Ego-R1 is a comprehensive research framework that combines reinforcement learning-based tool-use reasoning with egocentric video analysis capabilities.

🔍 Project Overview

This repository provides:

Chain-of-Tool-Thought Generation (cott_gen): Multi-modal AI agents for analyzing egocentric video data with tool-calling capabilities (RAG, Video-LLM, VLM)
Ego-R1-Agent: Reinforcement learning framework for training multiturn tool-use interleaved LLMs
Ego-R1 Dataset: 25K Chain-of-Tool-Thought examples and 4.4K QA pairs

🌟 Key Features

Multi-modal Tool-Augmented Reasoning: Combines RAG search, Video-LLM, and Vision-Language Models for long video understanding.
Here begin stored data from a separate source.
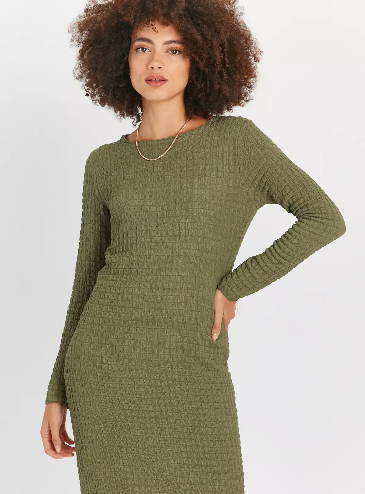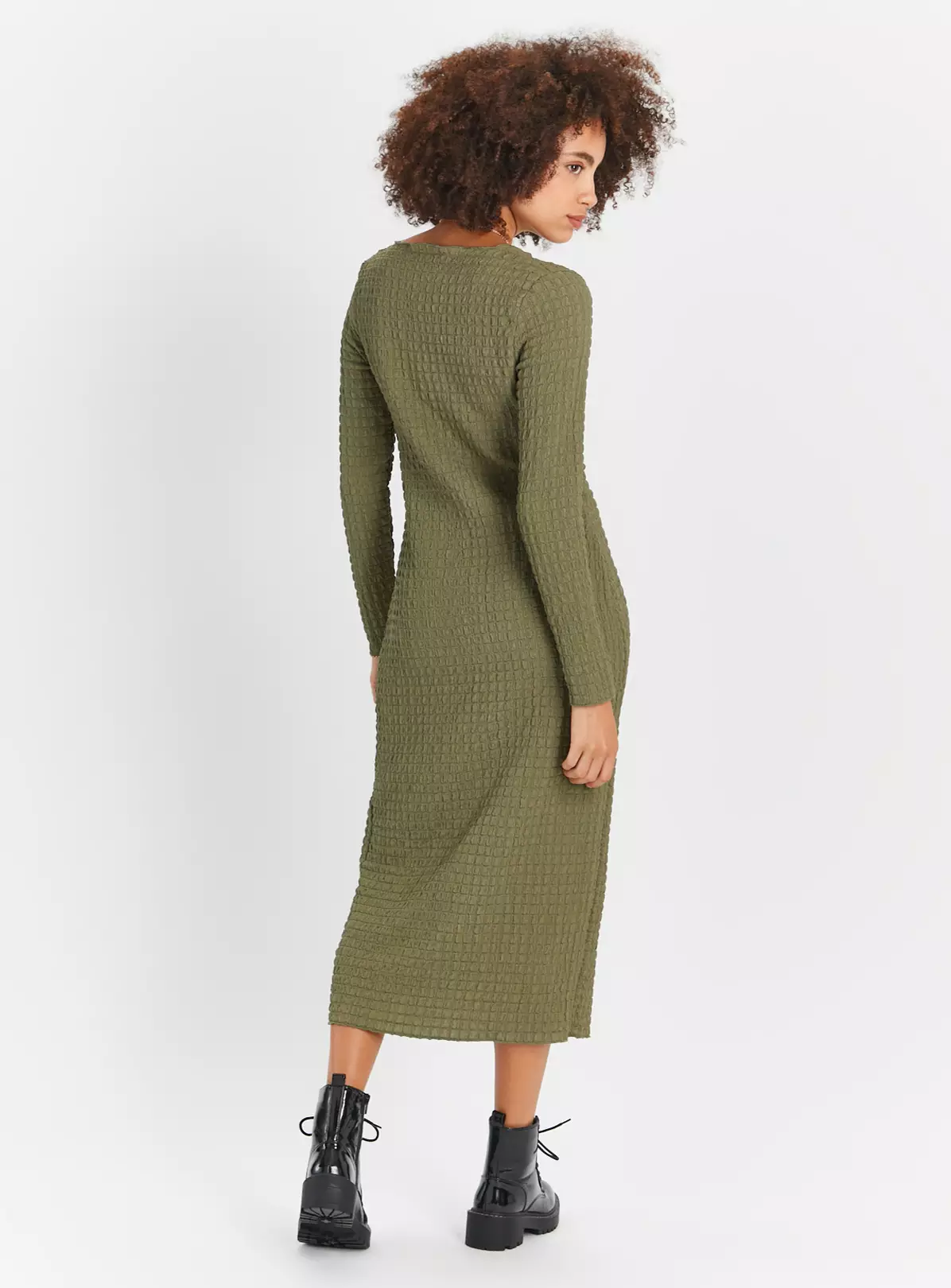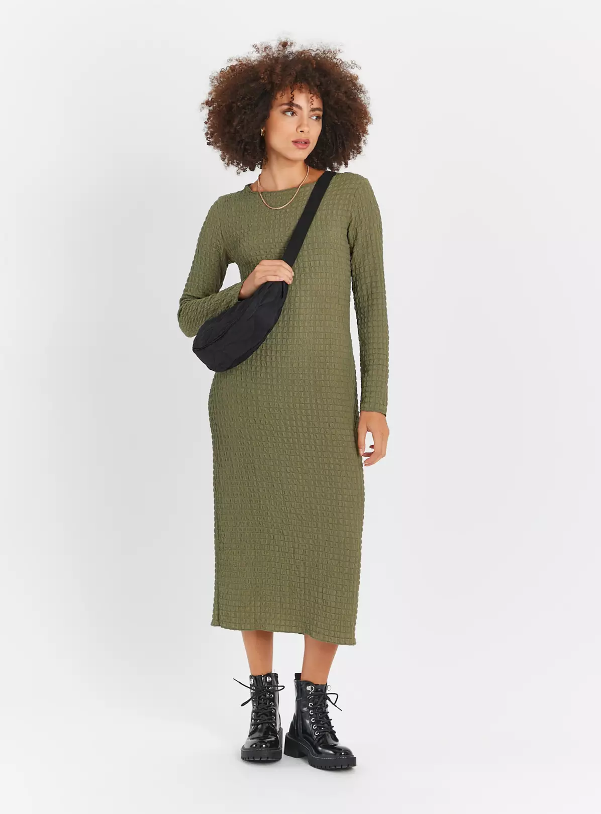 Elevated by a stunning bubble textured design, our long sleeve dress is a staple for your collection! It comes in a gorgeous khaki shade and has a midaxi length for a flattering look. Team it with a pair of black ankle boots for a chic weekend outfit.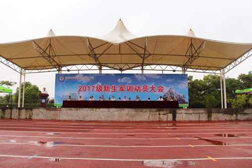 动员大会上,金松副院长向同学们介绍了南京体育学院教学、训练、科研基本情况,以及刚刚结束的第十三届全运会中所取得的优异成绩,并就军训工作提出了三点希望:一是希望同学们以饱满的政治热情,积极投身军训之中,拿出拼劲、干劲和闯劲,努力站出最标准的军姿,走出最雄壮的步伐,练就最刚强的意志,成就最优秀的人才;二是希望同学们以军人的标准要求自己,服从命令,听从指挥,以高昂的热情,艰苦的努力,赢得军训的最后胜利,不辜负部队、学院、家长对你们的期望;三是希望同学们强化团队意识,崇尚集体荣誉,训练上要互相帮助,生活上要相互关心,不折不扣、踏踏实实地完成好军训任务。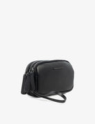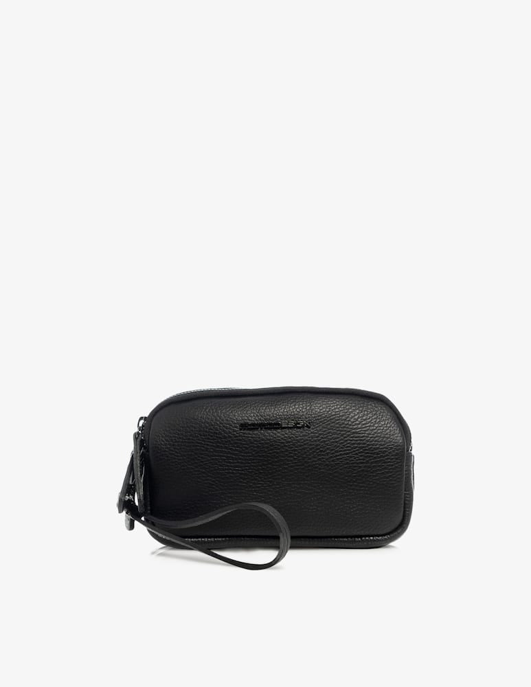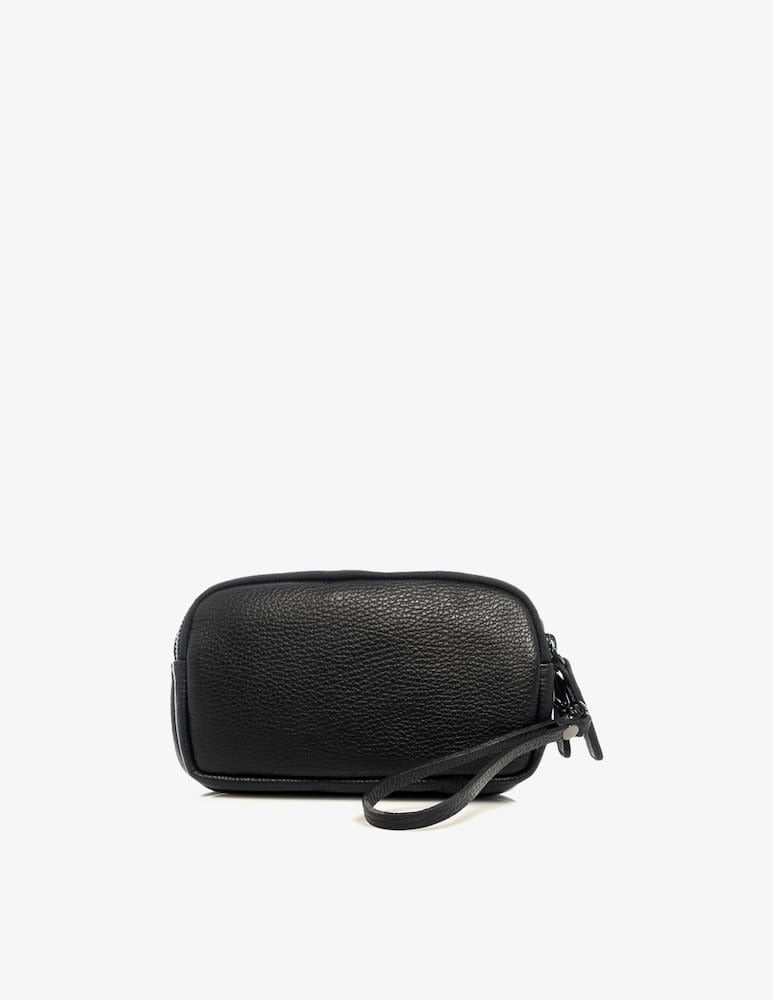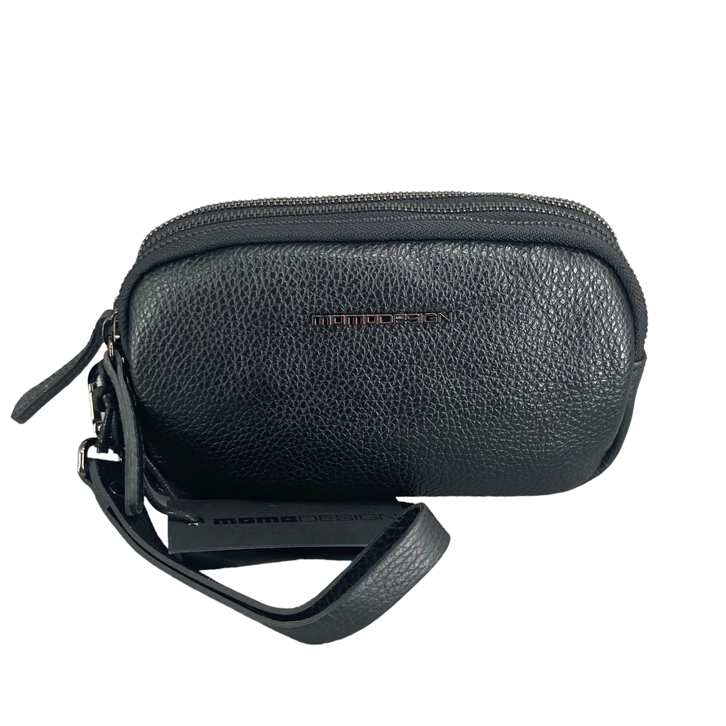 Pochette uomo in similpelle martellata di colore nero, modello con manico removibile, chiusura con tre cerniere e logo Momo Design in metallo sul fronte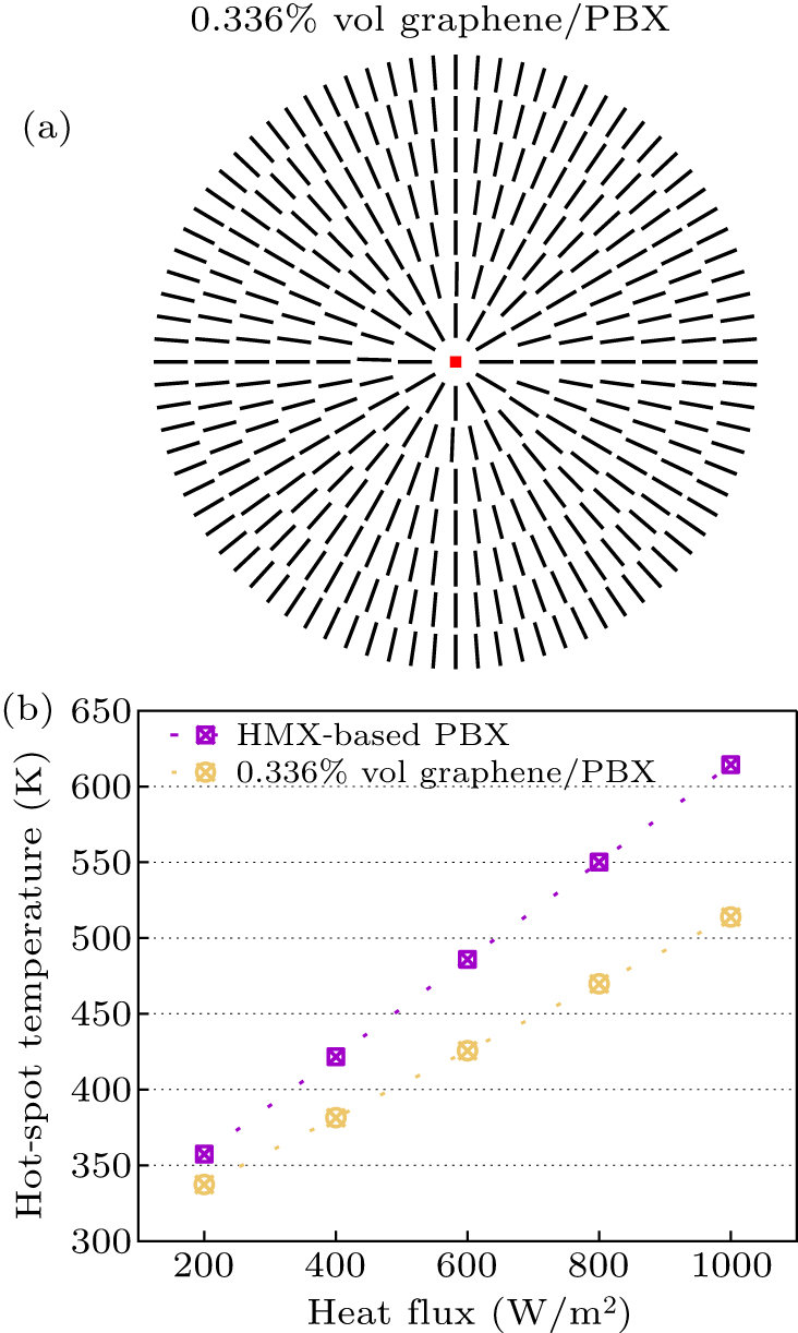 As depicted in Fig. 4(a), graphene fillers measuring 1 μm×10 μm are symmetrically distributed around a central heat source, which is 7.63 μm×7.63 μm. The multi-layered arrangement is meticulously designed to ensure uniform and efficient heat transfer from the centre outwards. The innermost graphene layer is positioned 12 μm from the heat source, with the angle between fillers calculated by dividing 360° by the number of fillers. For instance, the innermost layer has 12 fillers, each separated by an angle of 30°. In each subsequent layer, the distance from the heat source increases by 12 μm, maintaining the same angular arrangement for consistent symmetry and distribution. This configuration forms a mesh-like diffusion pattern, enhancing heat dissipation across the material matrix. The graphene fillers account for a volume fraction of 0.336%, and their geometric arrangement is optimized to maximize thermal conductivity in the HMX-based PBX composite material. As shown in Fig. 4(b), the central hotspot temperature varies with the applied heat flux density, revealing a linear relationship between temperature and the applied heat flux. In the case of graphene-filled PBX, the maximum temperature reduction of 100 K occurs when the heat flux density reaches 1000 W/m2.

Agents learn to use multiple tools to decompose and answer complex egocentric video questions
Reinforcement Learning: GRPO training for thinking-reasoning-and-acting interleaved behavior
Comprehensive Dataset: Release the code for CoTT data generation and pre-processed data for both SFT and RL training

📰 News

[2025.6.8] Officially launch the Ego-R1 codebase.

📁 Repository Structure

Ego-R1/
├── cott_gen/                # Chain-of-Tool-Thought generation for egocentric video QA
│   ├── main.py             # Main agent runner with multi-turn reasoning
│   ├── tools.py            # Tool implementations (RAG, Video-LLM, VLM)
│   ├── utils.py            # Utility functions and data processing
│   ├── prompts.py          # System and reasoning prompts
│   ├── postprocess.py      # Data postprocessing and analysis
│   └── environment.yml     # Conda environment for autogen
├── LLaMA-Factory/          # LLM fine-tuning framework (submodule)
├── Ego-R1-Agent/          # RL framework for reasoning + search LLMs
│   ├── train_grpo.sh       # GRPO training script
│   ├── train_ppo.sh        # PPO training script  
│   ├── eval/               # Inference and evaluation scripts
│   └── verl/               # veRL framework components
├── data/                   # Ego-R1 dataset (should be downloaded from HF)
│   ├── Ego-CoTT-25K/      # 25K Chain-of-Tool-Thought for SFT
│   ├── Ego-QA-4.4K/       # 4.4K QA pairs for RL training
│   └── Ego-CoTT-raw/      # Raw data in multiple formats
├── scripts/                # Training and generation scripts
│   ├── train/             # SFT training scripts
│   └── gen/               # Data generation scripts
└── api/                   # API components for RAG and visual tools
    ├── rag/               # RAG-related API components
    └── visual_tools/      # Multi-modal visual tool APIs

🔧 Installation

Download Ego-R1-Data

huggingface-cli download Ego-R1/Ego-R1-Data --local-dir data --repo-type dataset

Environment Setup

0. Toolbox API Environment

i. Set Environment

cd api/rag
pip install -e .

Make sure to install FFmpeg beforehand, as it is required for the visual tools to function properly.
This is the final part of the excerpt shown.